Можно по-разному относиться к проблеме наследственности, но, на мой взгляд, правильно поступают те биографы, которые начинают исследование характера своего героя от корня, загодя, еще до его рождения. Значение воспитания огромно, но не следует забывать и про гены. В том же томе толкового словаря, где я штудировал обстоятельную статью о героях и героизме, слово «ген» объясняется кратко: «Некий воображаемый носитель наследственности, якобы обеспечивающий преемственность в потомстве тех или иных неизменных признаков и свойств организма». Сегодня, когда существует уже целая дисциплина, именуемая генной инженерией, определение можно считать устаревшим, а мою попытку угадать в родителях черты, что-то объясняющие в характере сына, – вполне законной. Об отце, скончавшемся в конце войны, мне рассказывали и сын, и дочь; мать я видел сам.

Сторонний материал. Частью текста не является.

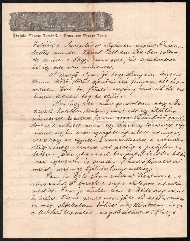 Leírás: cca 1900 "Üdvözlet Thurzófüredről" fejléces levélpapírra írt személyes hangvételű levél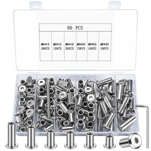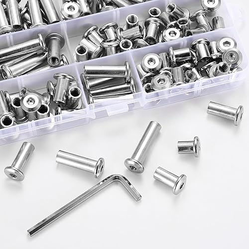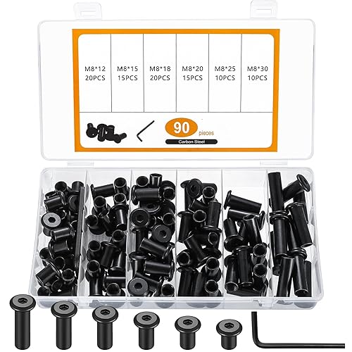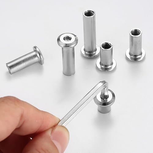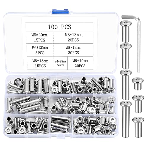 Hülsenmutter M6, 100 Stück Hülsenmuttern, Innensechskant Muttern, Möbel Sechskantmuttern zum Verbinden von Möbeln, Sofas, Stahl Vernickelt (M6 Schwarz)

Отец Александра Ивановича, Иван Алексеевич Маринеско, был родом из Румынии. Может быть, по-румынски он звался как-то иначе, но в семье не сохранилось воспоминания ни о его прежнем имени, ни о том, когда и каким образом фамилия Маринеску приобрела украинское окончание «о». Детство у него было тяжелое, с семи лет остался сиротой, служил у помещика пастушонком, когда подрос, стал кучером. Затем, будучи парнем трудолюбивым и смышленым, возвысился до должности машиниста при сельскохозяйственных машинах. Никакого систематического образования он не получил, но руки у него, судя по всей его дальнейшей жизни, были золотые. В 1893 году его призывают во флот, и он становится кочегаром на миноносце. О том, каково быть кочегаром на «угольщике», современные матросы знают разве что по популярной песне «Раскинулось море широко…» – нужно было могучее здоровье, чтобы выдерживать вахты у топок. Матрос Маринеску выдерживал, пока его не допек возненавидевший его офицер. В штормовую погоду стоять огненную вахту особенно тяжело, и когда спустившийся в кочегарку офицер набросился на матроса с руганью и ударил по лицу, тот, по одной версии, избил его, а по другой – швырнул в раскаленную топку. Для дальнейшей судьбы матроса разница в версиях была не очень существенна – в обоих случаях кочегару Маринеску грозил военный суд и смертная казнь. До суда Иван Алексеевич содержался в карцере под вооруженной охраной. В одну из ночей на пост у карцера был поставлен близкий друг Ивана, человек решительный. Иван уговорил его бежать, и они бежали, переплыли Дунай, друг остался где-то в Бессарабии, а Иван двинулся дальше, на Украину, по-тогдашнему – Малороссию. Конечно, ни о каком «политическом убежище» в царской России он и не помышлял, весь расчет был на то, что в такой большой стране легче затеряться, раствориться, исчезнуть, и расчет оказался правильным; до 1924 года он не оформлял своего гражданства, или, как говорили в старину, подданства, и первые годы старался держаться подальше от больших городов. Сохранилось предание, что во время своих скитаний он встречался и беседовал с Алексеем Максимовичем Горьким. Поначалу беглец тосковал по своей далекой родине и, прослышав о всеобщей амнистии по поводу какого-то государственного события, сделал попытку вернуться в Румынию, но очень скоро убедился, что для таких, как он, амнистия – самая настоящая западня, и ему пришлось бежать вторично.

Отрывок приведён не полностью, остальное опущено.